问题
I am working with large datasets and tidyr's spread
usually gives me error messages suggesting failure to obtain memory
to perform the operation.
Therefore, I have been exploring dbplyr. However, as it says here, and also shown below, dbplyr::spread()
does not work.
My question here is whether there is another way to accomplish what tidyr::spread
does while working with tbl_dbi
and tbl_sql
data without downloading to local memory.
Using sample data from here, below I present what I get and what I would like to do and get.
#sample tbl_dbi and tbl_sql data
df_sample <- tribble(~group1, ~group2, ~group3, ~identifier, ~value,
8, 24, 6, 'mt_0',
12, 18, 24, 6, 'mt_1', 4)
con <- DBI::dbConnect(RSQLite::SQLite(), "")

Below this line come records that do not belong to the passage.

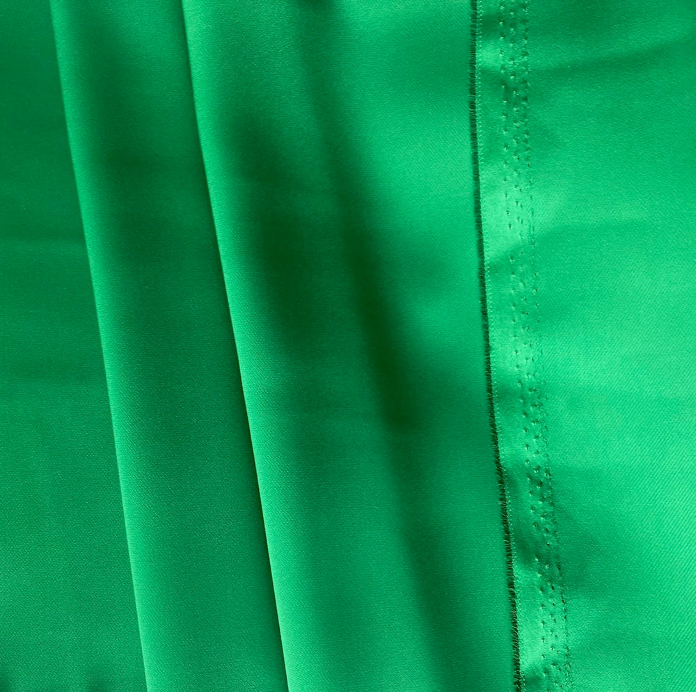 A double-sided, polyester satin twill in a saturated Emerald Green - this fluid, soft satin is perfect for travel-wear, blouses, bridal-wear, or dresses. Made in Korea. 100% polyester. 60" wide.
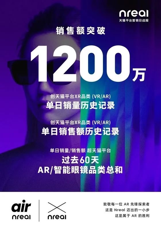 Nreal AR眼镜天猫单日销售额破1200万,创造AR眼镜品类新历史
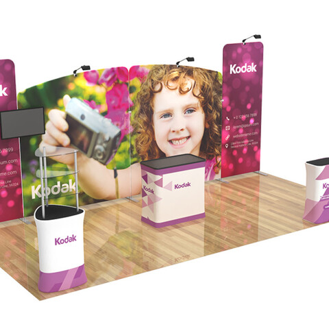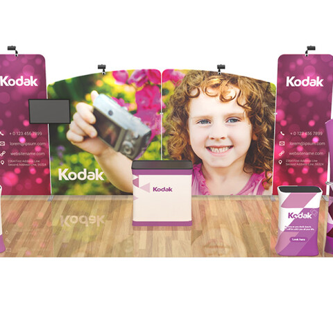 Featuring 1 rectangular display counter with full color print, 2 flat top tension frabric backwall displays, 2 angled top tension fabric backwall displays, 1 hard case to podium with custom printed graphic, 4 trade show display LED lights and clips, 1 monitor bracket, 2 banner stand LED lights with clip, 1 curved top tension fabric banner stand, 2 arm shelves for top tension fabric banner stand and 1 triangular display tower counter with custom graphic, this booth has the ability to engage any audience.
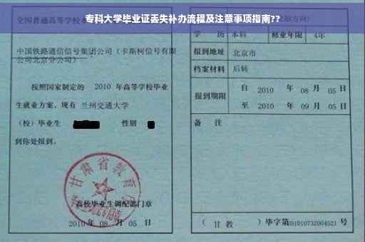 摘要:专科大学毕业证丢失,需及时补办。补办流程包括联系原毕业学校教务处或学籍管理部门,提交相关证明材料如身份证、学历证明等,并按要求缴纳相关费用。注意事项包括尽快行动,避免拖延导致补办困难;妥善保管好个人证件及证明材料,防止丢失或损坏;了解补办时限和费用,做好充分准备。
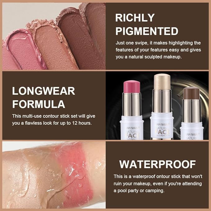 - MOST POPULAR FACE MAKEUP —— We conducted detailed market research based on a variety of factors such as skin tone and age, and selected from a wide range of colour combinations to create a combination of Contouring Stick for Fair, Light, Medium, Deep skin tones. This trio of face contour stick set is also suitable for women of different age groups at the same time.
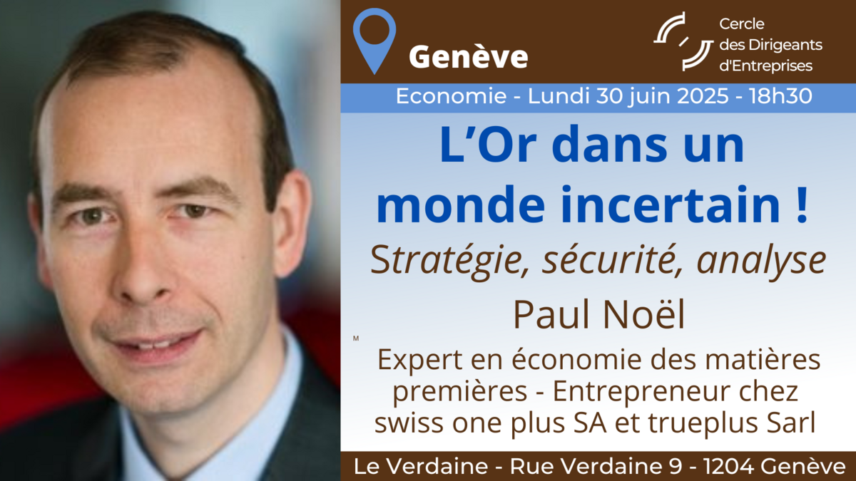 Paul Noël, expert reconnu en économie des matières premières et analyste indépendant, propose une lecture approfondie et accessible des dynamiques en jeu autour de l’or. À travers cette conférence, il interrogera la véritable nature de sa valeur en 2025 : entre réalité tangible et spéculation. Il mettra également en lumière les perspectives à long terme du métal précieux face à l’émergence de nouveaux paradigmes financiers, aux transformations géopolitiques et aux défis environnementaux.
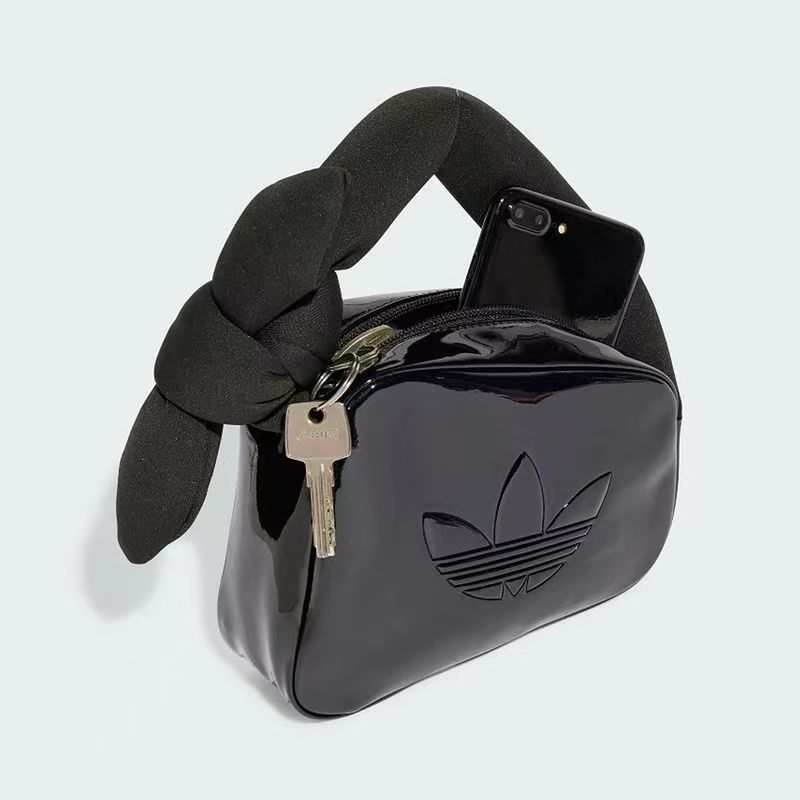 adidas阿迪達斯三葉草手提包2025夏女光澤感蝴蝶結小拎包
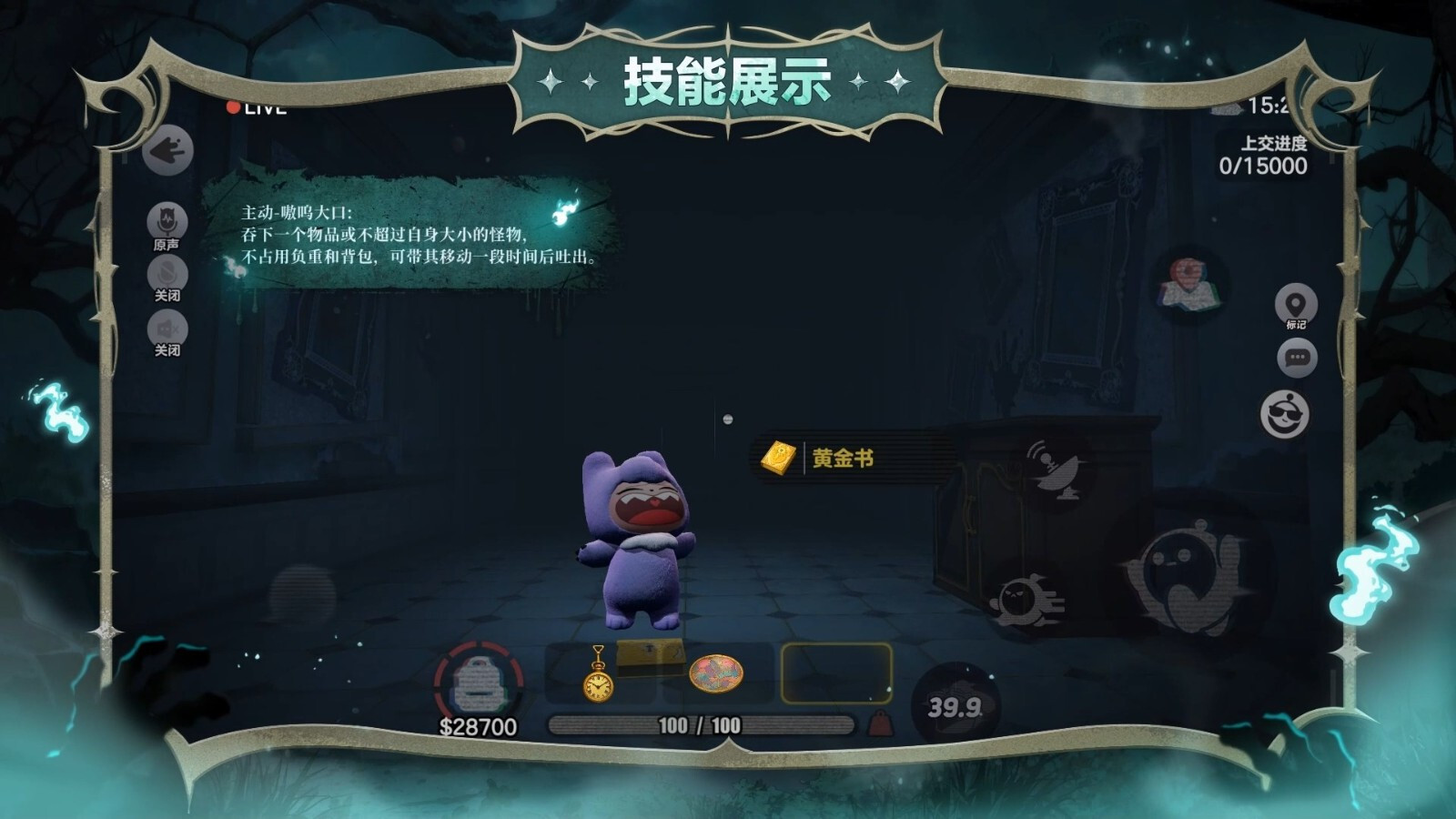 主动-嗷呜大嚼:将一个物品或体型不超过自身的怪物吞入腹中,该吞入物不占用负重与背包空间,可携带其移动片刻后再吐出。

df_db <- copy_to(con, df_sample, 'df_sample')
#attempting to spread tbl_dbi and tbl_sql without downloading to local memory
//this does not work
df_db %>% spread(identifier, value)
Error in UseMethod("spread_") :
no applicable method for 'spread_' applied to an object of class "c('tbl_dbi', 'tbl_sql', 'tbl_lazy', 'tbl')"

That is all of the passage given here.